Netflix Zuul Push
Zuul Push Architecture
Zuul Push is the push engine at Netflix
Workflow
- Client establishes an persistent websocket/SSE connection to the Zuul Push Service. The Client will keep the connection alive until the session is terminated.
- Zuul Push Service register the user and connection information to the Push Registry database.
- Service that need to send a push message (source of push message) use the Push Library (SDK) to send the message to the Push Message Queue.
- Message Processor
- pulls/retrieves an message from the Push Message Queue
- lookups the Push Registry to check which Zuul Push Service host is connected to the client
- delivers the message to the Zuul Push Service host
- Zuul Push Service host send the message to the Client
Background
Netflix use a recommendation engine to generate suggested videos for each user. i.e. the home page of the Netflix website for each user is different.
Push vs Pull
- Pull
- If too frequent - Overload the system
- If too infrequent - Data not fresh enough
- Push
- Most suited for Netflix
Push
Define Push:
- Persist
- Until
- Something
- Happens
The server push the data to the client instead of the client requests the data from the server.
Zuul push servers
Handling millions of persistent connections
Using Non-blocking async-io
C10K challengingL
- Supporting 10K concurrent connection on a single server
Traditional method:
- 1 Connection per Socket
- 1 Socket per thread
Socket --> Read --> Write --> Thread 1 Socket --> Write --> Read --> Thread 2
Async I/O
Socket --> write callback --> single thread --> read callback --> Socket
Netflix use Netty for the Async I/O
Push Registry
Push registry feature checklist (the database used as the push registry should have the following feature):
- Low read latency
- Record expiry (e.g. TTL)
- Sharding
- Replication
TTL -> If the client failed to terminated the connection proactively; the system need to use TTL to remove the registered entry from the Push registry.

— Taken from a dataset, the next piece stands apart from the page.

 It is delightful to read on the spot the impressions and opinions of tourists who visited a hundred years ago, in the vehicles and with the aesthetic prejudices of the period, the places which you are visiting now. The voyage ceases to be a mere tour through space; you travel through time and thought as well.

Good choice for Push Registry
- Redis
- Cassandra
- AWS DynamoDB
Netflix use Dynomite
Dynomite = + Redis + Auto-sharding + Read/Write quorum + Cross-region replication
Message Processing
Message queuing + route delivery
Netflix use Kafka
Message sender use "FIRE and FORGET" approach:
- Drop the push message into the queue
- Carry on with other tasks
Cross-Region Replication
- Netflix use 3 AWS region
- Use AWS Kafka queue replication
Queue:
- Hard to use single queue
- Different queues for different priorities
Message processor
- multiple message process in parallel
- auto scale based on the number of message in the queue
Operating Zuul Push
Different from the Stateless services
Stateful:
- Persistent connections - long lived statble connection
- Great for client efficiency
- Terrible for quick deploy/rollback
Deploy/Rollback
- Client are not automatically migrate to the newly deployed servers
- Thundering herd: If keep the connection at once, the client would try to connect to the new servers at once (overwhelm the servers)
Solution:
- tear down connection periodically (from the server side)
- randomize each connection's lifetime (jitter)

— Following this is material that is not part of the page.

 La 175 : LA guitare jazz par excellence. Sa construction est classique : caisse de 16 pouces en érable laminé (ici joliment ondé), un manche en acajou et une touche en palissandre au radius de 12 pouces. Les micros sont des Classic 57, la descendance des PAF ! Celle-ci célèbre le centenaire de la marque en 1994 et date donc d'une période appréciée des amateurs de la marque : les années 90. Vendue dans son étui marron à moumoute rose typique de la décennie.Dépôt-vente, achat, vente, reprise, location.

- result: randomizing connection lifetime on reconnect peak
- Extra: server ask client to close its connection (the party terminate the TCP connection might have a FD on linux remain open for up to 2 mins)
Optimization
How to optimize push server? (most connection are idle)?
first approach: big ec2
- big EC2, as many connection on the single server as possible
- Issue: if a server is down: Thundering herd happends
second approach: goldilocks strategy (just right)
- m4.large (2v CPU)
- 84,000 concurrent connection per ec2
Optimize for cost, NOT for instance count
How to auto-scale ?
RPS (request per second) ? NO
- No RPS for push servers
CPU ? NO
- Instances is not limited by CPU
Open Connection ? YES
- Only factor that is important to a push server
AWS Elastic Load Balancer cannot proxy WebSocket
ELB does not understand websocket Upgrade request (A special HTTP request)
Solution: Run ELB as a TCP load balancer (NLB) (Layer 4)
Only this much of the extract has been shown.